Can a boss fire an employee simply because he finds her attractive?  Yes, according to the Iowa Supreme Court in a recent decision, Nelson v. James H. Knight, DDS (Iowa, December 21, 2012).  And, lest you conclude that the case is an anomaly, the decision relies heavily on a 1990 decision by the Eleventh Circuit Court of Appeals (which covers Florida, Georgia and Alabama), Platner v. Cash & Thomas Contractors, Inc., 908 F.2d 902, 903–05 (11th Cir. 1990)).

Melissa Nelson was a dental assistant for Dr. Knight’s practice for ten years.  On several occasions Dr. Knight complained to Nelson that her clothing was too tight and revealing and “distracting.”  Dr. Knight and Nelson also began texting each other on both work and personal matters. The texts typically involved updates on their kids’ activities and other innocuous matters; neither objected to the other’s texting. While Dr. Knight made a couple of inappropriate comments to Nelson (such as saying that she would know her clothing was too revealing if she saw his pants bulging), Nelson did not complain of sexual harassment.  However, Dr. Knight’s wife complained about their relationship when she discovered they were texting each other, and she demanded that he fire Nelson.  Dr. Knight and his wife consulted with the senior pastor of their church, who agreed that Nelson should be fired.  Dr. Knight fired Nelson, gave her a month’s severance pay, and replaced her with another female assistant.  Nelson sued, claiming that she was the victim of gender discrimination.
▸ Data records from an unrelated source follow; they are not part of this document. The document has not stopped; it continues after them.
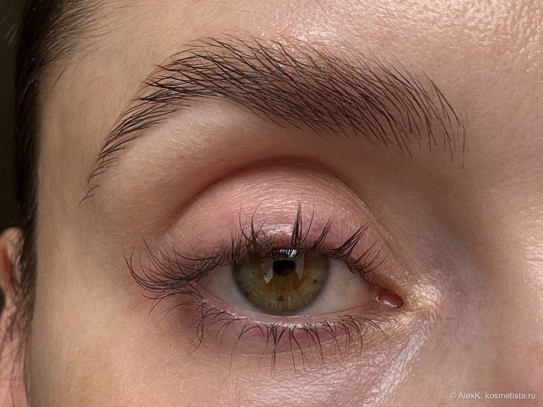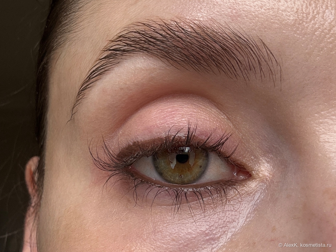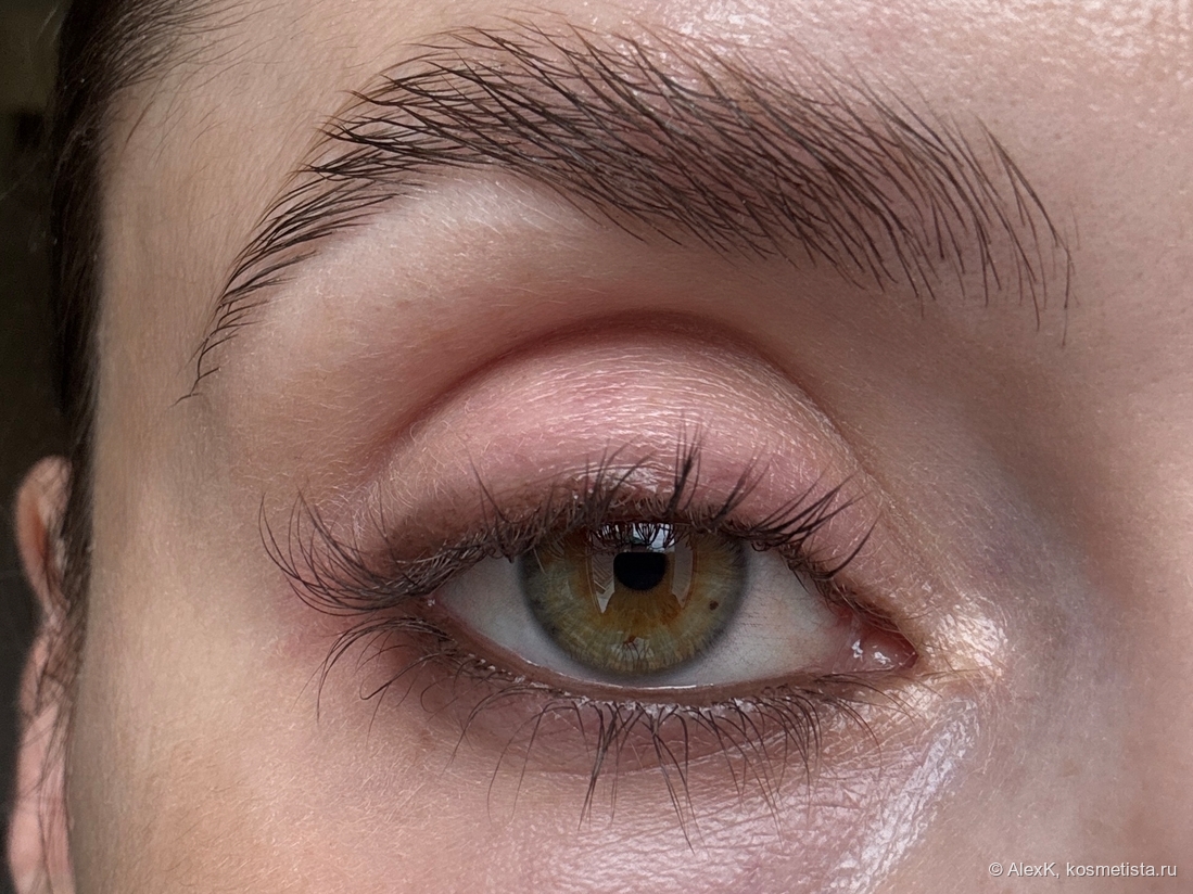 Под бровь наношу хайлайтер Порошок ртутной луны Тамми Танука. Убираю тейп и крашу ресницы тушью RBG Калина.
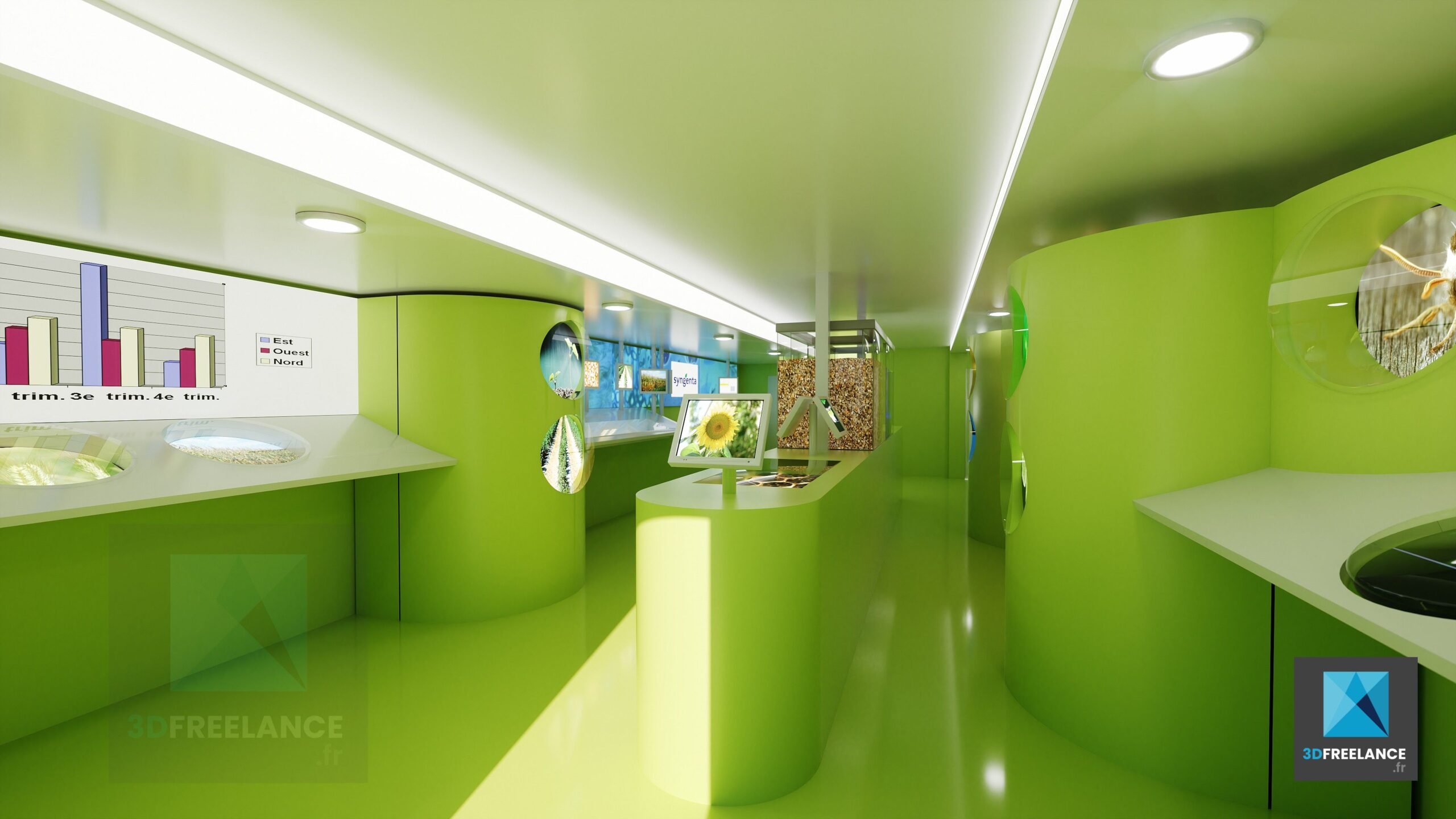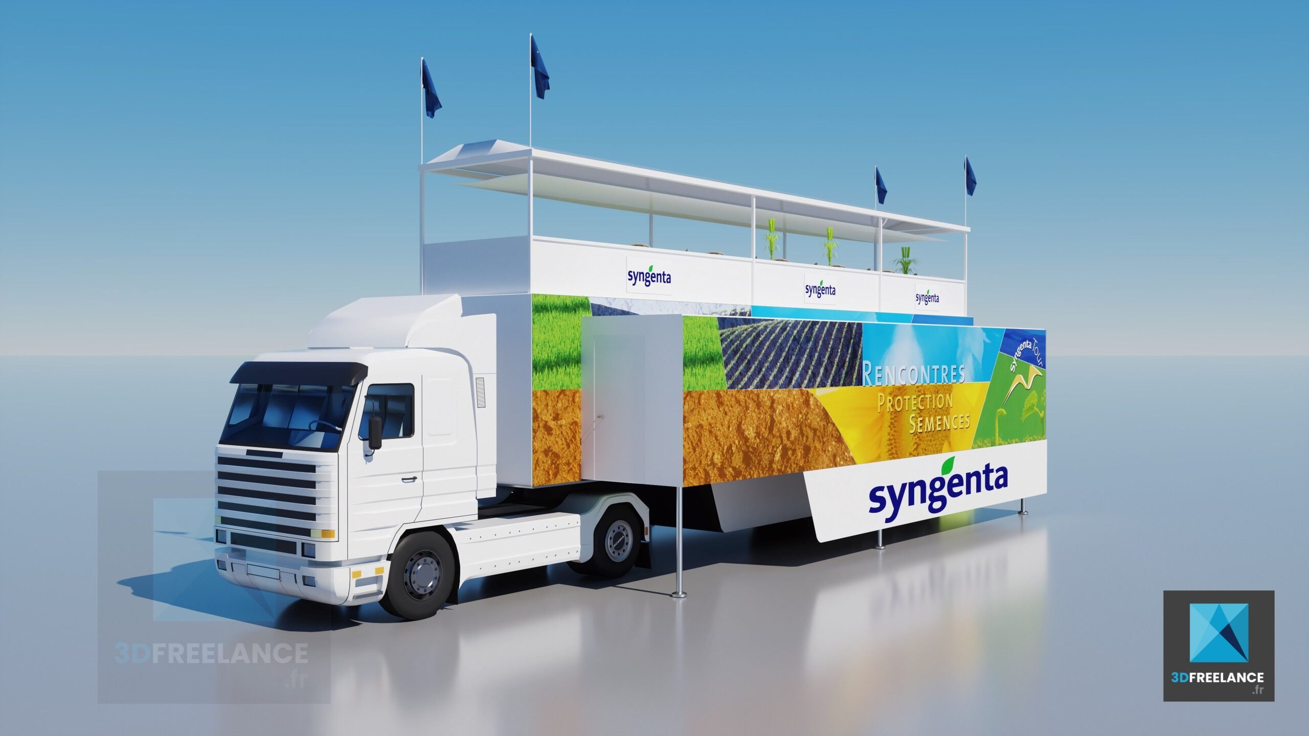 Création d’illustrations type rough d’un concept de camion évènementiel pour Syngenta. Camion mobile pour les évènements en infographie 3D. Exposition mobile sur le thème des semences.
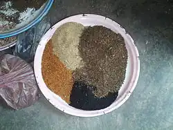 Berbere, a combination of powdered chili pepper and other spices (cardamom, fenugreek, coriander, cloves, ginger, nutmeg, cumin and allspice)[12] is an important ingredient used to add flavor to many varied dishes like chicken stews and baked fish dishes. Also essential is niter kibbeh, a clarified butter infused with ginger, garlic, and several spices.[13][14]
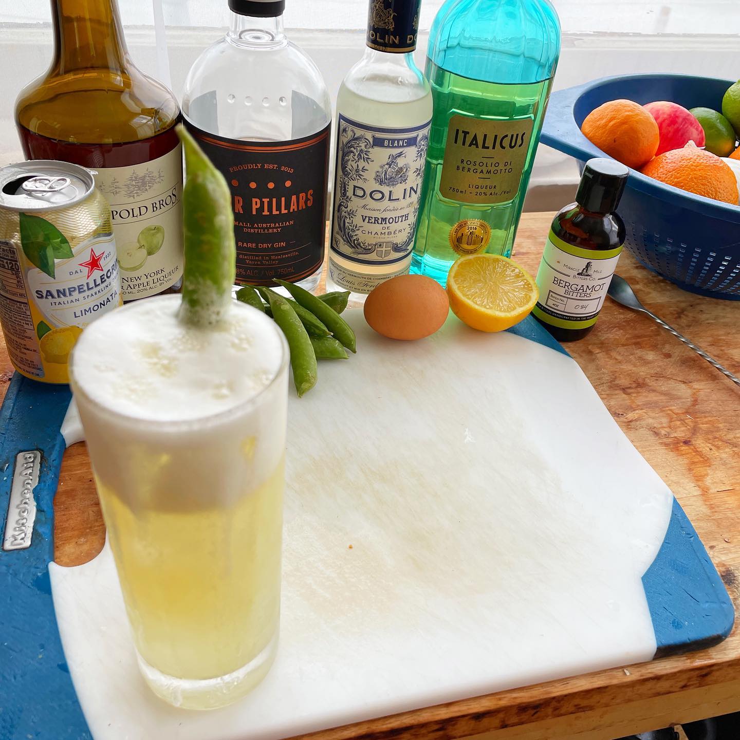 Dry shake for 10-15 seconds with no ice to incorporate egg white; add ice cubes and shake another ten seconds before straining into a chilled Collins glass with ice cubes. Top with 1.5 oz sparkling lemonade and a few drops of Bergamot bitters (Lime Bitters would be a good sub). Garnish with a spring pea

The Iowa Supreme Court disagreed. The court cited several cases in which courts have held that that an employer does not engage in unlawful gender discrimination by discharging a female employee who is involved in a consensual relationship that has triggered personal jealousy, absent allegations that the relationship stemmed from unwelcome sexual advances or a hostile work environment.  The court also cited the Eleventh Circuit’s decision in Platner, where the court upheld the termination of a female employee who worked on the same crew as the business owner’s son, after the wife of the business owner’s son became jealous of her.  The logic of all these decisions, the Iowa Supreme Court observed, is that it is not unlawful to make a decision “driven entirely by individual feelings and emotions regarding a specific person. Such a decision is not gender-based, nor is it based on factors that might be a proxy for gender.”

But isn’t it illegal sexual harassment for a boss to terminate an employee for refusing his sexual advances, even if the employee is the only target of his affections? Yes, but the Iowa Supreme Court rejected this analogy by noting that “sexual harassment violates our civil rights laws because of the ‘hostile work environment’ or ‘abusive atmosphere’ that it has created for persons of the victim’s sex.  On the other hand,” the court observed, “an isolated decision to terminate an employee before such an environment arises, even if the reasons for termination are unjust, by definition does not bring about that atmosphere.”

As the Nelson case illustrates, the line between illicit gender discrimination and lawful favoritism (or, in this case “un-favoritism”) is not always clear.  Dr. Knight won his case and may have saved his marriage in the process, though it was probably a costly victory.  Employers with a similar issue should consult with an employment lawyer, not just a pastor.